2015-10-07 Thread Friedrich Volkmann
On 06.10.2015 23:11, John Willis wrote:
> 
> 
>> On Oct 6, 2015, at 8:48 PM, Friedrich Volkmann  wrote:
>>
>> So if "destination" excludes off-wanderers and sightseers, what tag do you
>> use when you need to include them?
> 
> Yes/permissive under general.
> 
> If I am free to come up park my car for any reason and wander about, that is 
> pretty damn permissive.

Permissive would also mean that we are allowed to drive thru, at least
according to the tag definition in the Wiki. We need to stick to those
definitions, there's too much data based on them.

> I may be wrong, but the signage you are describing is very interesting to me 
> because in general it doesn't exist in the US. Usually private residential 
> streets (not driveways) are still access=yes/permissive unless there is a 
> gate (I lived adjacent to one w/o a gate), and parking on busy streets/ 
> neighborhoods is done with permits - but the road itself is permissive. 

Indeed there are huge differences between our countries. When searching for
translations of legal terms, I stumbled upon pages like
http://blog.al.com/breaking/2011/12/no_through_traffic_signs_in_ne.html.
This case would be unthinkable here in Central Europe. All fields of life
are excessively regulated.

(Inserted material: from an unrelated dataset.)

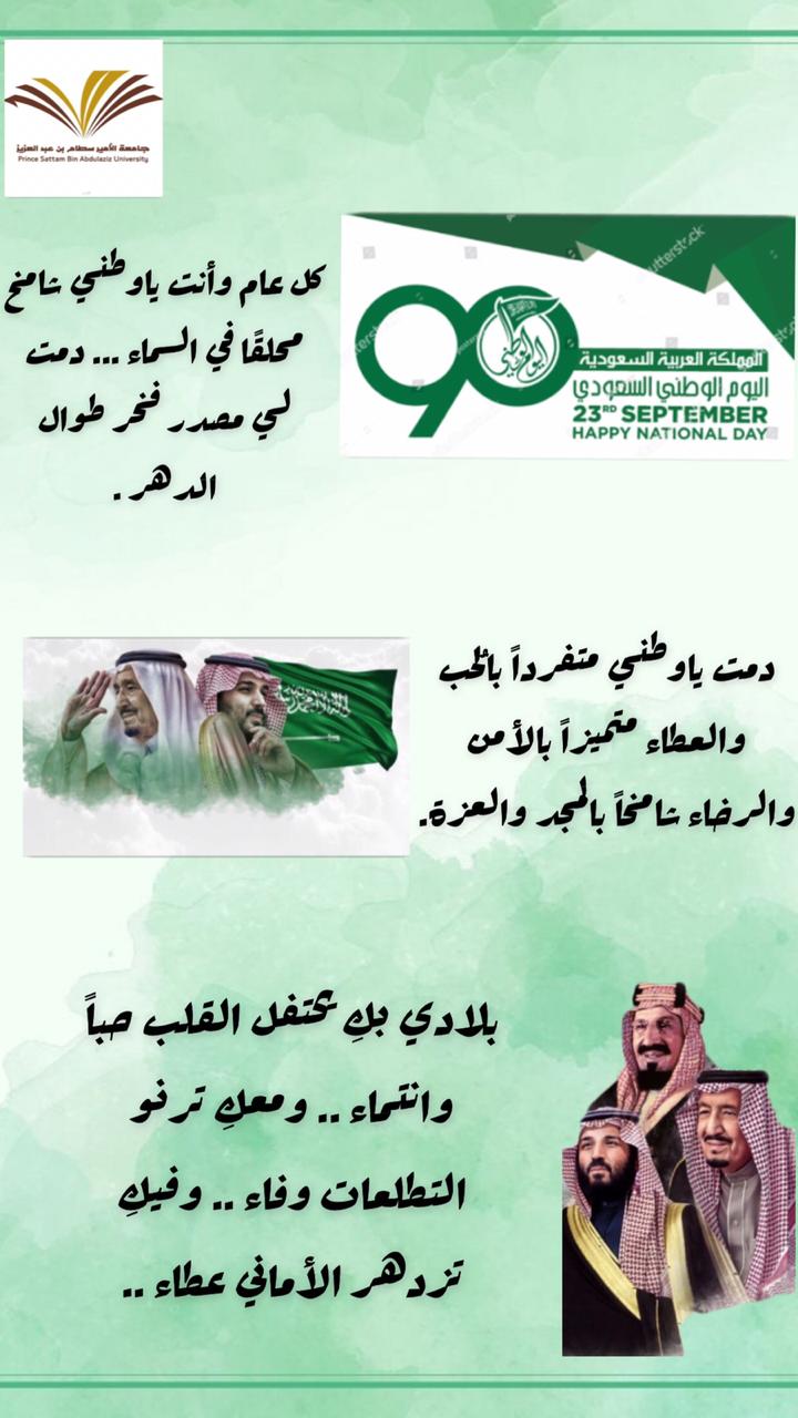 وتلا ذلك عرض لوثائقي عن توحيد المملكة العربية السعودية عاد بالحضور إلى ذاكرة التاريخ وذكرى بطولة أسست مجدا يشع تحت راية التوحيد, ثم كان للشعر حضوره وروعته حيث القت الدكتورة: سحر الدوسري من قسم اللغة العربية قصيدة باللغة العربية الفصحى عبرت من خلالها عن حب الوطن وتلا ذلك مشاركات من قسم الدراسات الإسلامية وقسم اللغة العربية وقسم التربية الخاصة وقسم رياض الأطفال وقسم العلوم التربوية وقسم العلوم الاجتماعية وقسم علم النفس وقسم المناهج وطرق التدريس وحدة العمل التطوعي والنشاط الطلابي والمجالس الطلابية وكانت المشاركات عبارة عن عروض بوربوينت و مقاطع فيديو جميعها تعبر عن احتفاءها باليوم الوطني وذلك حسب الصور المرفقة .

There are laws and road signs for everything.
There are all kinds of restrictions on public roads as well as on privately
owned roads. Authorities are imaginative not only at complicating rules, but
also when it comes to fining people. In the given example, they would put up
a proper traffic sign, and police would punish every driver who ignores it.

> If there is some sign that says "residents and people with business with 
> residents only" - that sounds an awful lot like access=destination. 

Well, it may sound like it, but it's really different from the other kind of
destination traffic.

Let's take this example:
http://map.project-osrm.org/?z=14=47.801914%2C16.184020=47.788565%2C16.178441=47.805574%2C16.160095=en
Assume we want to go fishing at the brook (Johannesbach). We probably need
to pay for it. In that case, we are in business with the owners, so we are
allowed to drive directly to the fishing spot. But if fishing is free, or if
we just want to hike along the brook, we are not allowed to drive in. We
need to walk 2,35 km to reach the brook. Or we drive 8 km all around the
forest (as the routing engine suggests) and still have 1 km to walk to reach
the brook. In any case, we lose a lot of time, and we'll be physically
exhausted.

But if the traffic sign said "except for local traffic" or "except for
destinations in the wood", we could legally drive directly to the fishing
spot, no matter what we are doing there.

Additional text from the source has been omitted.